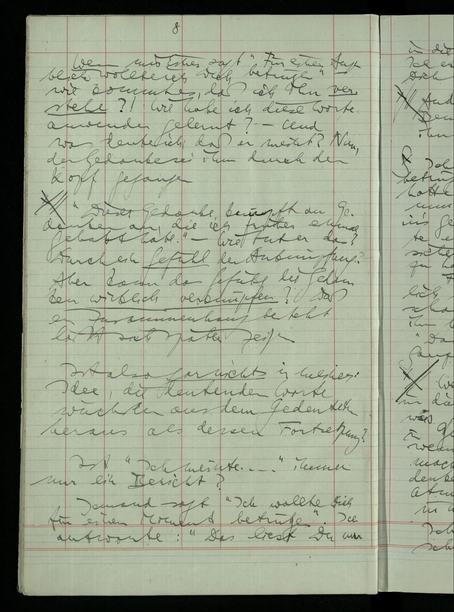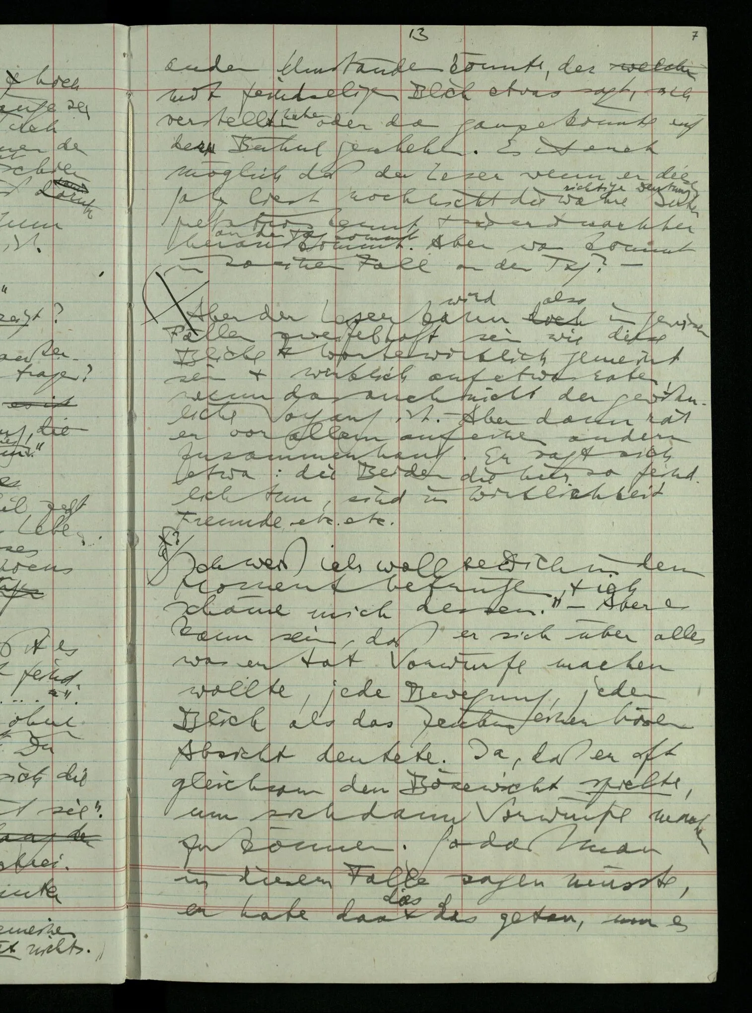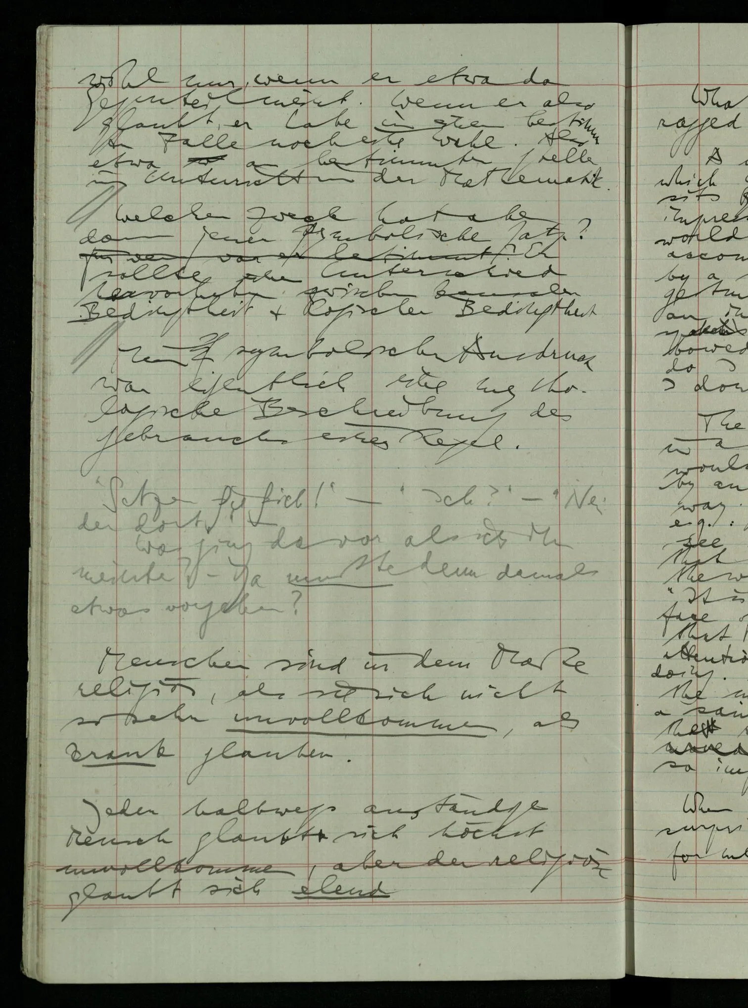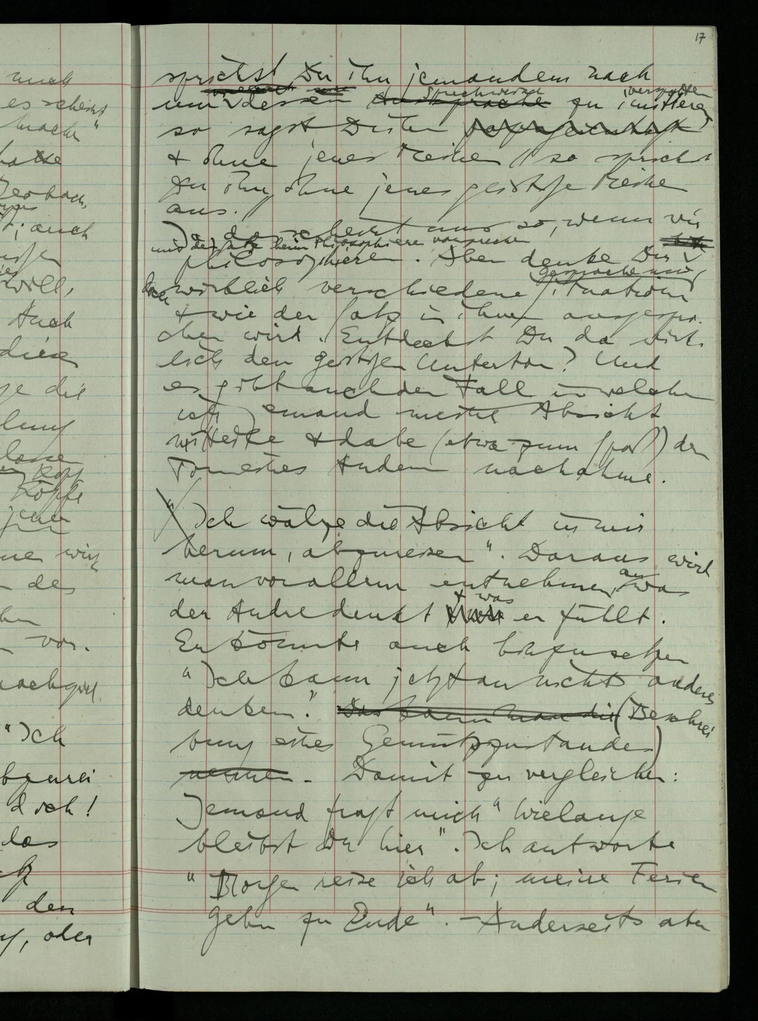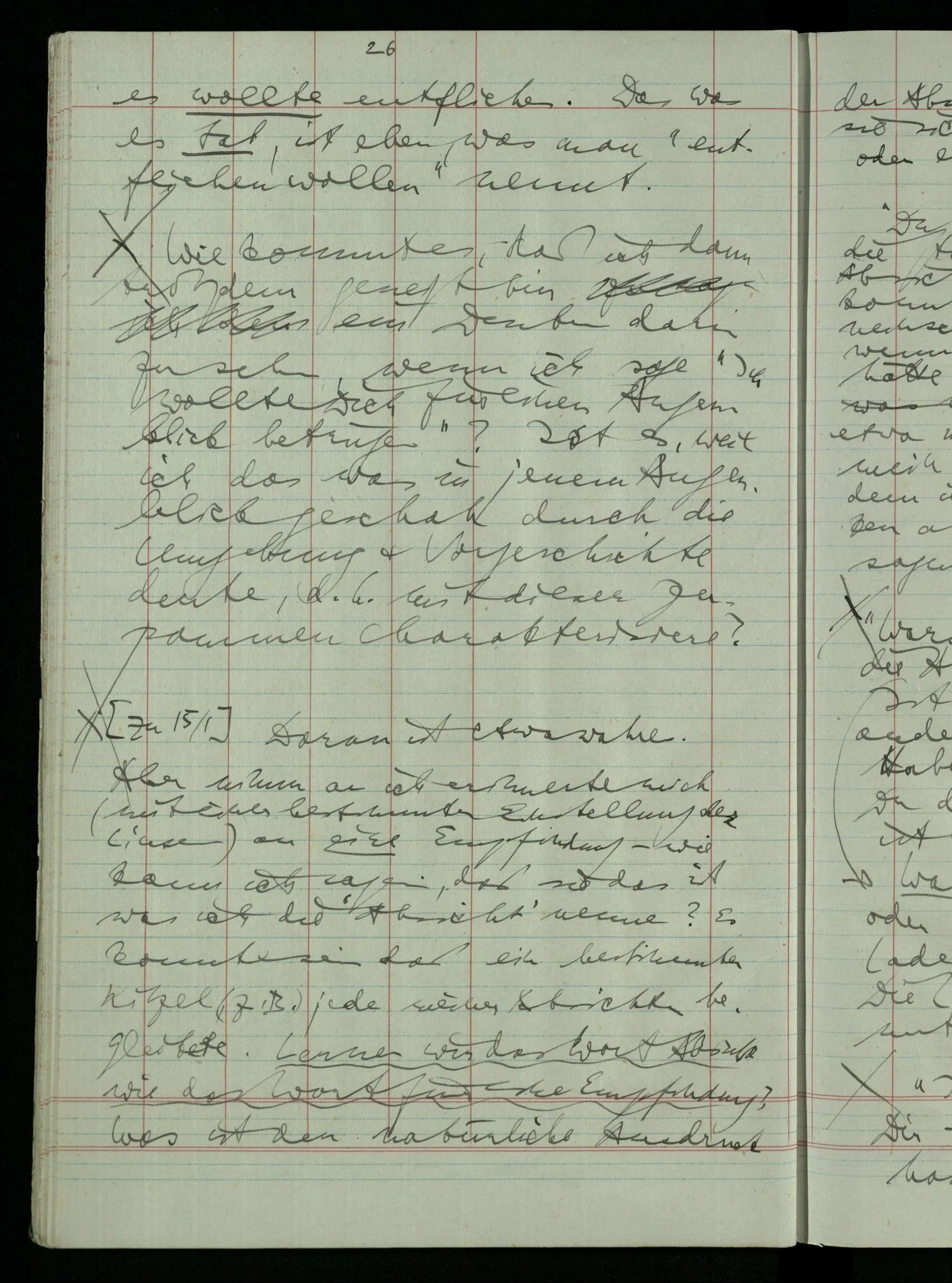 “Ich schäme mich nicht dessen was ich damals tat, sondern der Absicht die ich hatte.” – Aber lag die Absicht nicht auch in dem, was ich tat? Worin bestand das Beabsichtigen? Nur in dem was ich damals dachte, zu mir selber sagte? Wodurch ist die Absicht gegeben? Durch die ganze Geschichte –.
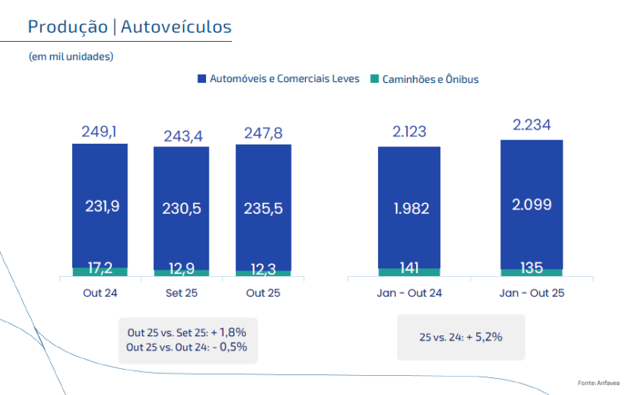 Indicador mais importante do atual quadro é a somatória dos dez primeiros meses de 2025. Nesse período, a produção acumulada superou 2,23 milhões de veículos leves e pesados, crescimento de 5,2% diante do resultado de janeiro a outubro do ano passado.
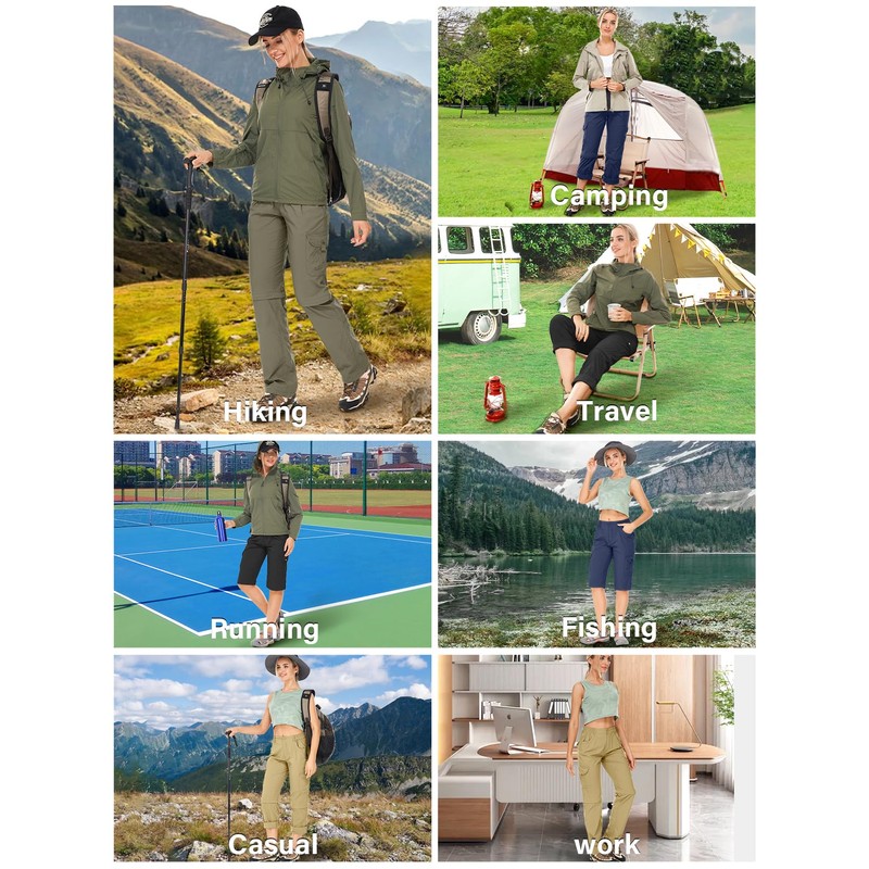 - Convertible hiking pants women: Zip-off legs make for an easy change from pants to shorts, The capri features Roll up around the knee parts to keep cooling when hiking and make the pants hem freely .suitable in the hot and cool seasons of spring summer and autumn.2-in-1 pants can reduce your travel weight. especially suitable for the Summer spring and autumn seasons.
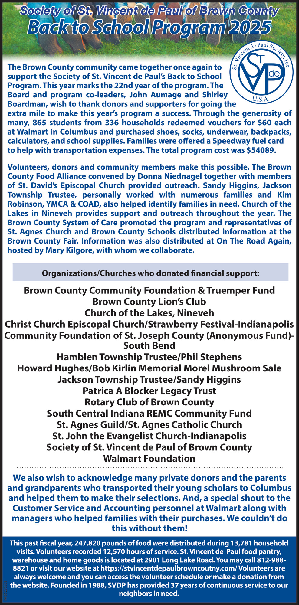 Jan 28, 2026. St. Vincent De Paul Of Brown County Education Ads from BC Democrat
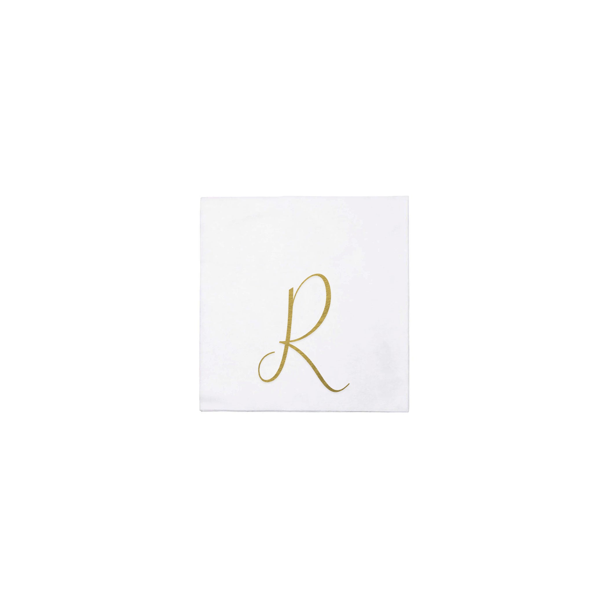 Papersoft Napkins Gold Monogram Cocktail Napkins - R (Pack of 20)

**TASK TO CARRY OUT**
Please repeat, with no pictures, each line from the start of the records above through the line with "Indicador mais importante", inclusive, and only those.

**YOUR RESPONSE**
 “Ich schäme mich nicht dessen was ich damals tat, sondern der Absicht die ich hatte.” – Aber lag die Absicht nicht auch in dem, was ich tat? Worin bestand das Beabsichtigen? Nur in dem was ich damals dachte, zu mir selber sagte? Wodurch ist die Absicht gegeben? Durch die ganze Geschichte –.
 Indicador mais importante do atual quadro é a somatória dos dez primeiros meses de 2025. Nesse período, a produção acumulada superou 2,23 milhões de veículos leves e pesados, crescimento de 5,2% diante do resultado de janeiro a outubro do ano passado.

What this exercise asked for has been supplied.